Edit: since this answer was accepted, I’ll write out how its previous contents imply the general statement (ie not only continuous functions but Riemann-integrable ones) – that’s more or less retelling what was in the comments, in particular Sangchul Lee’s.
Let’s first show the statement for some special functions, such as $f(x)=e_m(x):=e^{2i\pi mx}$ and $f(x)=x$.
For $f=1$, it’s obvious. For $f(x)=x$, it’s easy too (use the change of variable $k \rightarrow n-k$ for $n \geq 3$).
Now, if $m$ is an integer and $n \geq 3$, let $g_{m,n}=\sum_k{e_m(k/n)}$ where $k$ runs through the integers between $1$ and $n$ coprime to $n$. Then we can show that $g_{m,n}=\prod_p{g_{ma_p,p}}$, where $p$ runs through the prime powers dividing exactly $n$, and the $a_p$ are integers coprime to $p$ such that $\sum_p{a_p\frac{n}{p}}=1$.
So let $q=p^r$ be a prime power ($p$ prime) and $m$ be an integer. What is $g_{m,q}$? Let $\nu$ be the $p$-adic valuation of $m$. If $\nu \geq r$, then $g_{m,q}=\phi(q)$. If not, then $g_{m,q}=p^{\nu}g_{m/p^{\nu},p^{r-\nu}}$ and this can easily be shown to be zero if $r >\nu+1$ and $-p^{r-1}$ else.
Now, assume that $m \neq 0$ is fixed and $n \rightarrow \infty$. Then $\frac{g_{m,n}}{\phi(n)}=\prod_p{\frac{g_{ma_p,p}}{\phi(p)}}$, where every factor has a modulus of at most $1$.
Let $m_0$ be the product of the prime factors of $m$ and $m_1=|m|m_0$, write $n=n_mn’$ where $n’$ is coprime to $m$ and the prime factors of $n_m$ divide $m$.
Then the above shows (as each $a_p$ is coprime to $p$, working “locally” ie prime per prime) that $\frac{g_{m,n}}{\phi(n)}$ vanishes if $n_m$ does not divide $m_1$, or if $n’$ is not square-free, and that the modulus of this quotient is at most $1/\phi(n’)$ if $n’$ is square-free.

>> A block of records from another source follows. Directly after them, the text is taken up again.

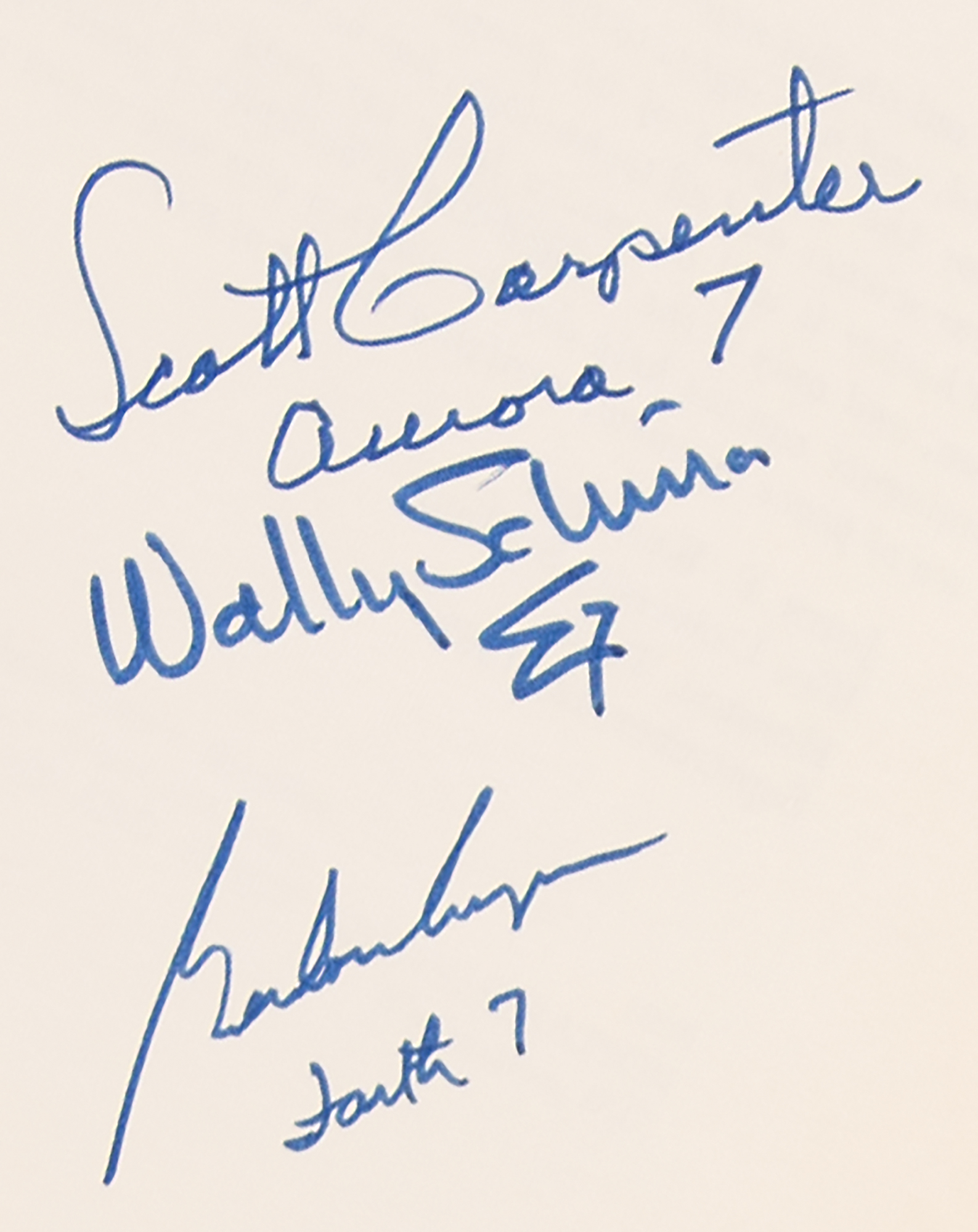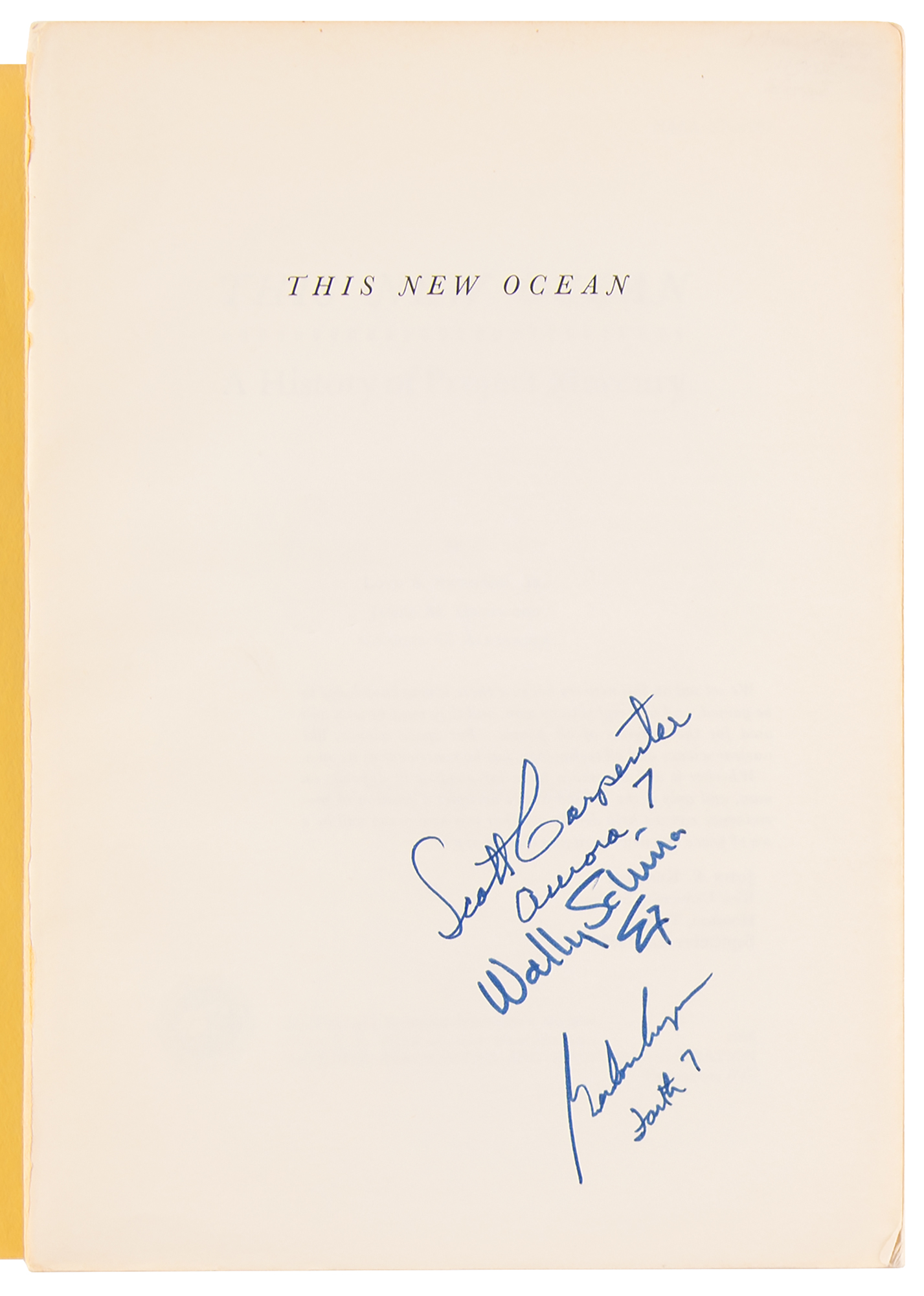 Multi-signed book: This New Ocean: A History of Project Mercury. First edition. Washington, DC: NASA, 1966. Softcover, 6.5 x 9.75, 681 pages. Signed on the half-title page in felt tip by three Mercury astronauts: “Scott Carpenter, Aurora 7,” “Wally Schirra [Sigma 7],” and “Gordon Cooper, Faith 7.” In very good condition, with creasing to the spine, and the front cover fully detached but present.
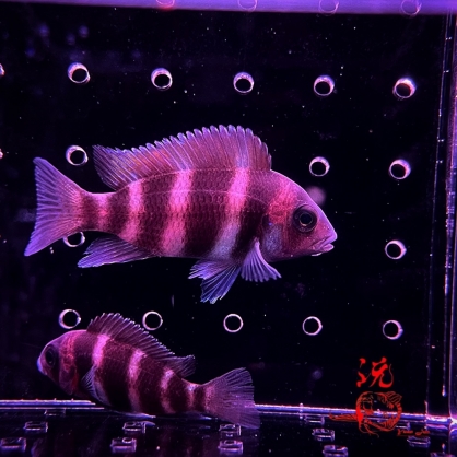 皇冠藍六間是非洲三大湖中最具代表性的慈鯛之一,身披深藍至冰藍色的優雅色調,搭配六道鮮明間紋與前額隆起的頭瘤,散發出深湖獨有的威嚴氣息。牠們以沉穩的游姿著稱,在水中緩緩滑行,有種不容忽視的王者從容。成魚體長可達 30–35 公分,是水族圈裡人氣極高的大型慈鯛代表物種。
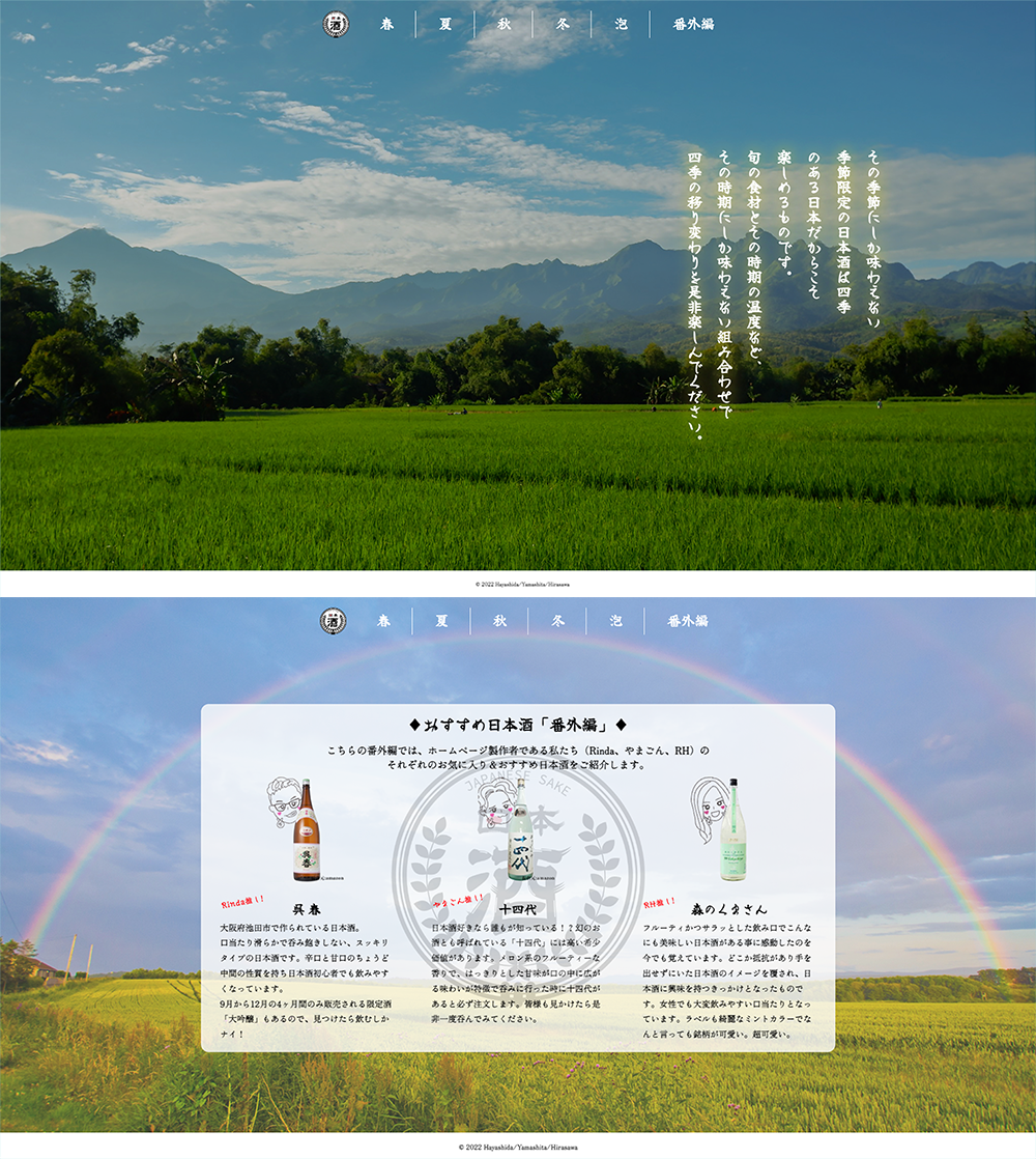 企業実習で、実習生企画としてメンバー3人でオススメの日本酒を紹介するサイトを作成しました。
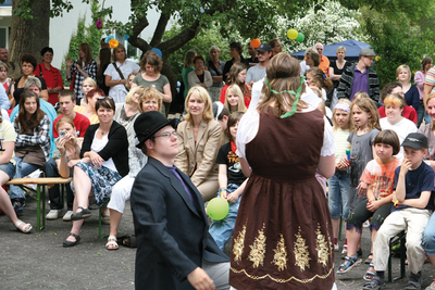 Die Ministerin zeigte sich beeindruckt von der Arbeit der Organisatoren und der Begeisterung und dem Können der Kinder. Auf der Bühne folgte den gesamten Nachmittag über ein Programm nach dem anderen. Erstmals, so die Ministerin, sei sie auch froh darüber, Bodyguards für eine Veranstaltung zu erhalten. Denn in diesem Fall handelte es sich um Schüler der Montessorischule, die ihr das Haus zeigten ...
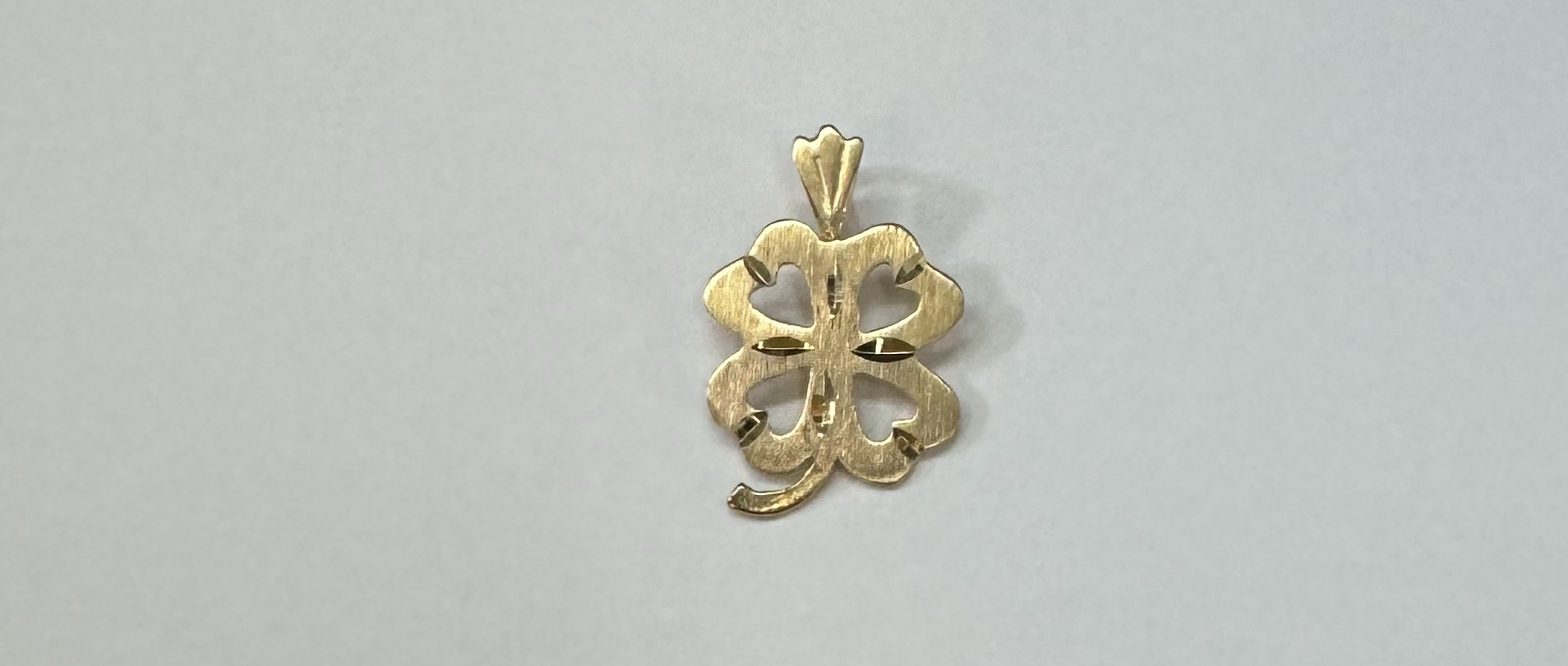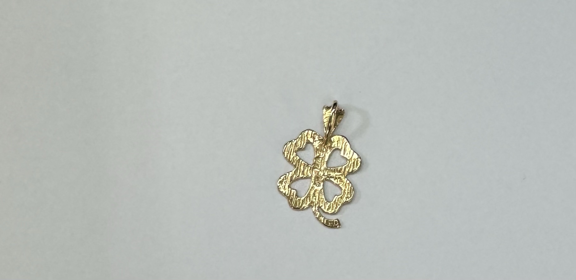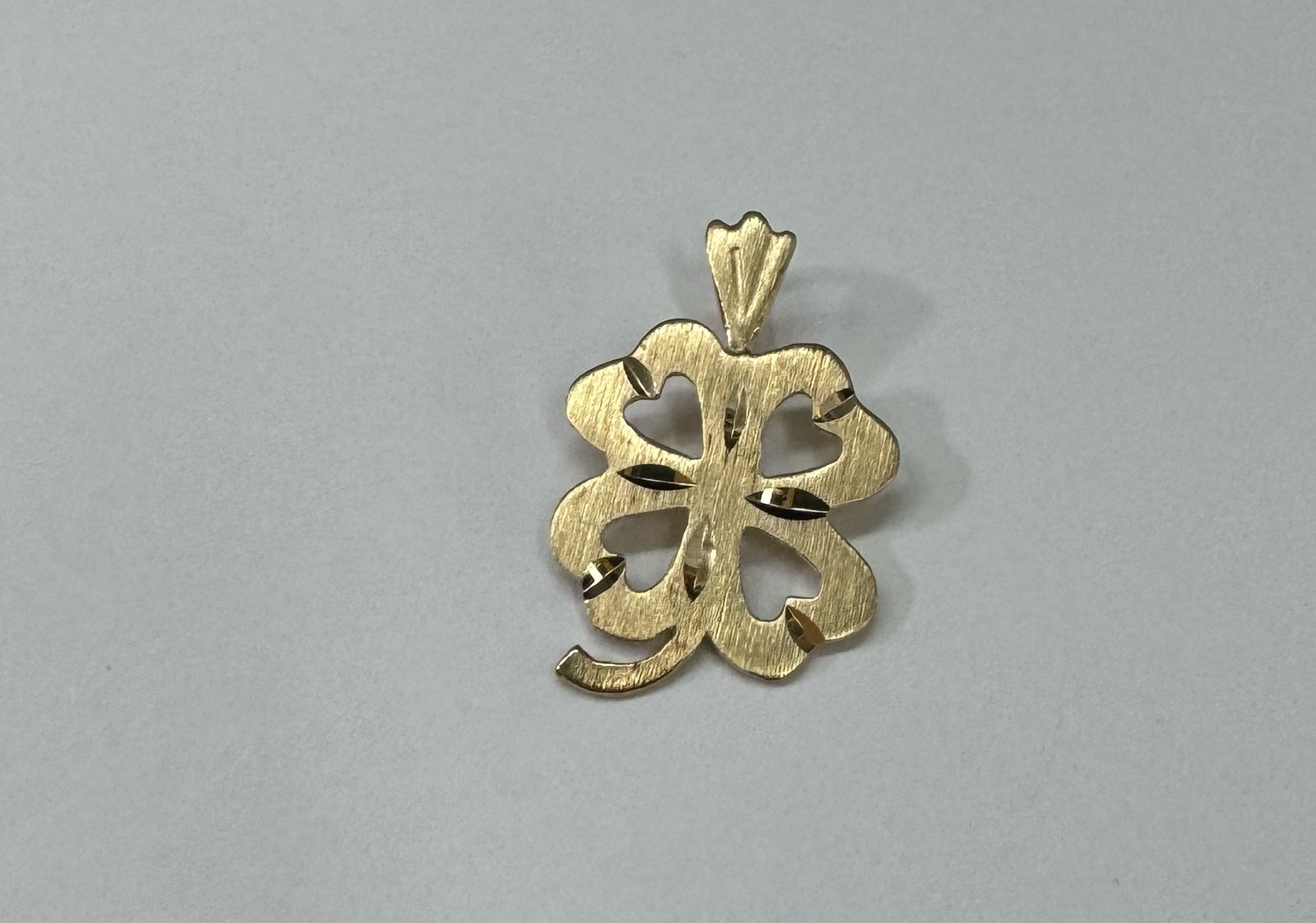 14k yellow gold four leaf clover pendant with engraved details. This piece has an entire weight of 0.7 grams.

It’s easy to show then that $g_{m,n}/\phi(n)$ goes to zero.
If $f$ is continuous, then that $f(x)=h(x)+cx$ where $h$ is $1$-periodic (hence a uniform limit of trigonometric polynomials – whose cases are settled) and $c$ is a constant, and it follows easily that the statement holds.
In particular, if $\mu_n$ is the measure on $[0,1]$ given by $\frac{1}{\phi(n)}\sum_k{\delta_{k/n}}$ (where $k$ runs through the integers between $1$ and $n$ coprime to $n$), then $\mu_n$ converges weakly to the Lebesgue measure $\lambda$ on $[0,1]$.
By Portmanteau’s theorem, it follows that if $B$ is an interval contained in $[0,1]$, $\mu_n(B)$ goes to the length of $B$. It’s easy to see that this means that the statement holds for $1_B$, and thus for every step function.
Assume now that $f$ is Riemann-integrable. Let $\epsilon >0$. This means that there are two step functions $g,h$ with $g \leq f \leq h$ and $\|h-g\|_{L^1} \leq \epsilon$.
Then the limsup of $\int{fd_mu_n}$ is at most the limsup of the integral of $\int{hd\mu_n}$ which is $\int{hd\lambda} \leq \epsilon+\int{gd\lambda} \leq \epsilon+\int{fd\lambda}$.
Similarly, the liminf of $\int{fd\mu_n}$ is at least $\int{fd\lambda}-\epsilon$. Thus $\int{fd\mu_n} \rightarrow \int{fd\lambda}$.